**Input:**
○ ○ ○ ○ ○ ○ ○
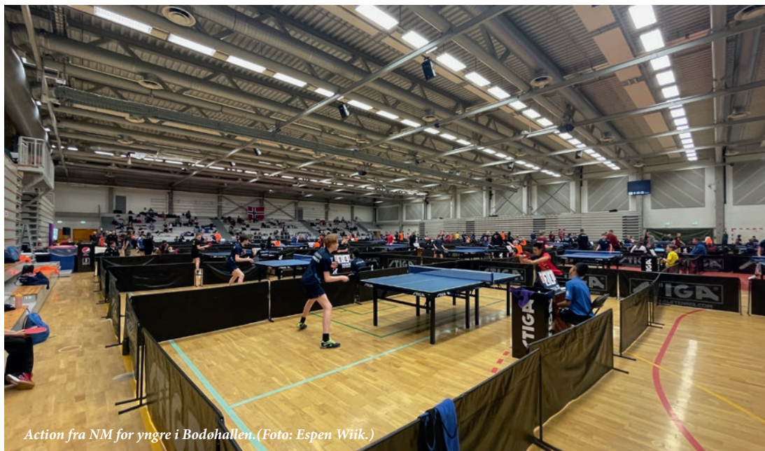
Action fra NM for yngre i Bodøhallen.

Bodø Bordtennisklubb kan ikke gi lån eller stille garantier for lån hvis ikke lånet eller garantien er sikret med betryggende pant eller annen betryggende sikkerhet. Sikkerheten for lån og garantier skal opplyses i note til årsoppgjøret.
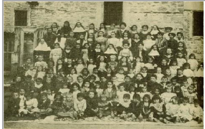
UNE ÉCOLE FRANÇAISE TENUE PAR LES ORLÈTES DE L'ASSOMPTION EN ORIENT
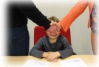
Het kindbelang zuiveren
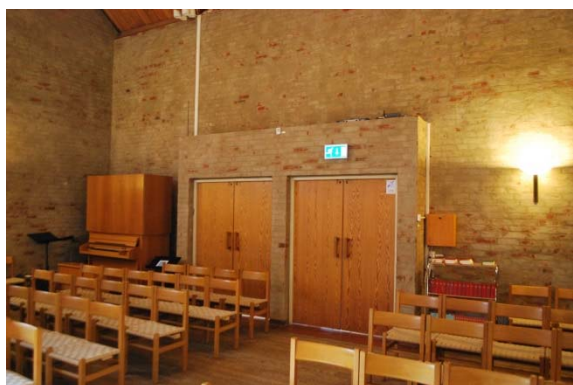
Kapellet mot entrén.
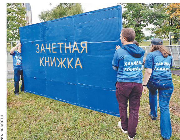
Такую зачетку по почте не выслать. А документы для перевода в другой вуз — можно.

— Бывает так, что свободных мест на момент обращения в вуз может и не быть: не только по причине сильного набора, но и из-за восстановления в вуз ранее обучавшихся. И даже при наличии места перевод может не состояться. Например, из-за недостаточной подготовки. Допустим, наш потенциальный студент не сдавал ЕГЭ по физике, а в «ЛЭТИ» она преподается на серьезном инженерном уровне. Без отличных школьных знаний ее просто не вытянуть. Но чаще всего перевод сворачивается из-за большой разницы в учебных планах вузов.
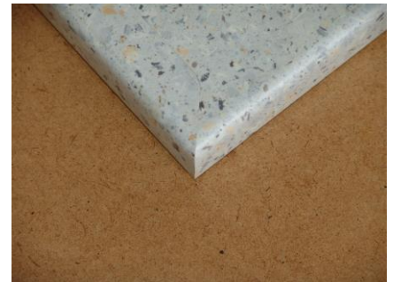
Postformingkante einsetzen 90° 40,00 € zzgl. Material für Postformingkante (29,00 €/lfm)
○ ○ ○ ○ ○ ○ ○
**Assigned task:**
Up to and including the line with "Kapellet mot entrén.", copy the data above from its first line. Skip pictures.

**Written response:**
Action fra NM for yngre i Bodøhallen.

Bodø Bordtennisklubb kan ikke gi lån eller stille garantier for lån hvis ikke lånet eller garantien er sikret med betryggende pant eller annen betryggende sikkerhet. Sikkerheten for lån og garantier skal opplyses i note til årsoppgjøret.
UNE ÉCOLE FRANÇAISE TENUE PAR LES ORLÈTES DE L'ASSOMPTION EN ORIENT
Het kindbelang zuiveren
Kapellet mot entrén.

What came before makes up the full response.